Required work: Please write out only the lines from the line with "左慈是三國時代,一位傳奇人物" to the line with "Esta fotografia capturou", inclusive, exactly as they stand below, without the pictures.

Data to examine:
----------------

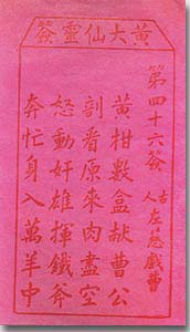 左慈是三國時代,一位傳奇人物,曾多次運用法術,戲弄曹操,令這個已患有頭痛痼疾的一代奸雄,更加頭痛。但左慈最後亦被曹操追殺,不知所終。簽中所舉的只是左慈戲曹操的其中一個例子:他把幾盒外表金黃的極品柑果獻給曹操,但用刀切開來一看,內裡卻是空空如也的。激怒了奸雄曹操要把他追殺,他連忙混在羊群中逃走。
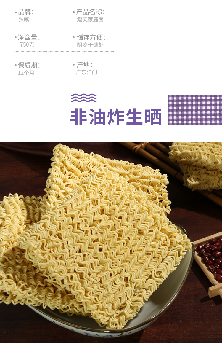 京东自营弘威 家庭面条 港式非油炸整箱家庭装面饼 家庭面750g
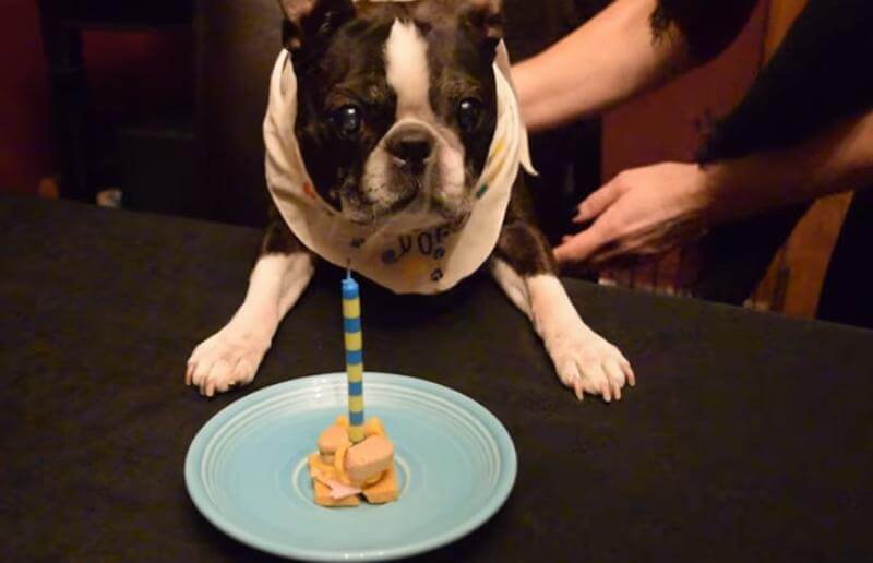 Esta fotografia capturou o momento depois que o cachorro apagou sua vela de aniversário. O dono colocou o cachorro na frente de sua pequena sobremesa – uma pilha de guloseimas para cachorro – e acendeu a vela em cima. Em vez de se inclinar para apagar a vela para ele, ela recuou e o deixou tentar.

----------------

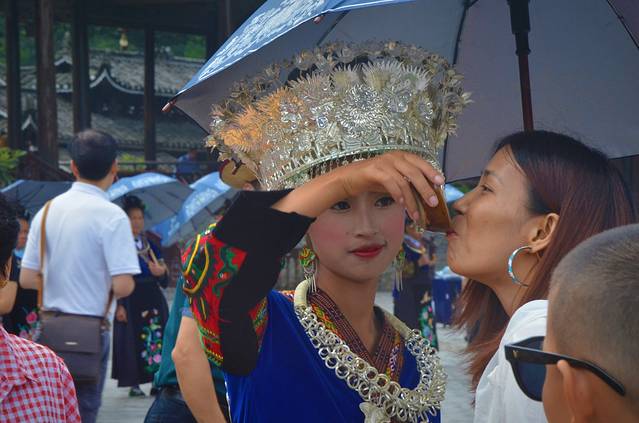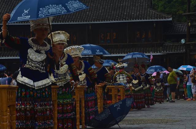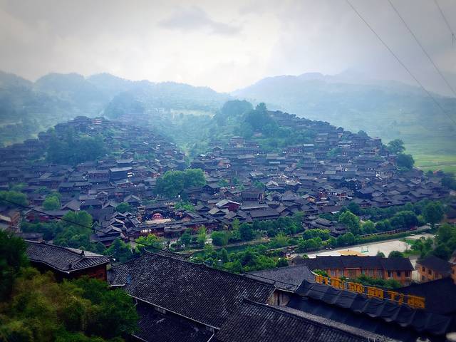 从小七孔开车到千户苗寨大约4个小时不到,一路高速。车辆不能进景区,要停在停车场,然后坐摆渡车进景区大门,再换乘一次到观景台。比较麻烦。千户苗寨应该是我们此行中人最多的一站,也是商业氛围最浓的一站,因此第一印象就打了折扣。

----------------

Expected answer:
 左慈是三國時代,一位傳奇人物,曾多次運用法術,戲弄曹操,令這個已患有頭痛痼疾的一代奸雄,更加頭痛。但左慈最後亦被曹操追殺,不知所終。簽中所舉的只是左慈戲曹操的其中一個例子:他把幾盒外表金黃的極品柑果獻給曹操,但用刀切開來一看,內裡卻是空空如也的。激怒了奸雄曹操要把他追殺,他連忙混在羊群中逃走。
 京东自营弘威 家庭面条 港式非油炸整箱家庭装面饼 家庭面750g
 Esta fotografia capturou o momento depois que o cachorro apagou sua vela de aniversário. O dono colocou o cachorro na frente de sua pequena sobremesa – uma pilha de guloseimas para cachorro – e acendeu a vela em cima. Em vez de se inclinar para apagar a vela para ele, ela recuou e o deixou tentar.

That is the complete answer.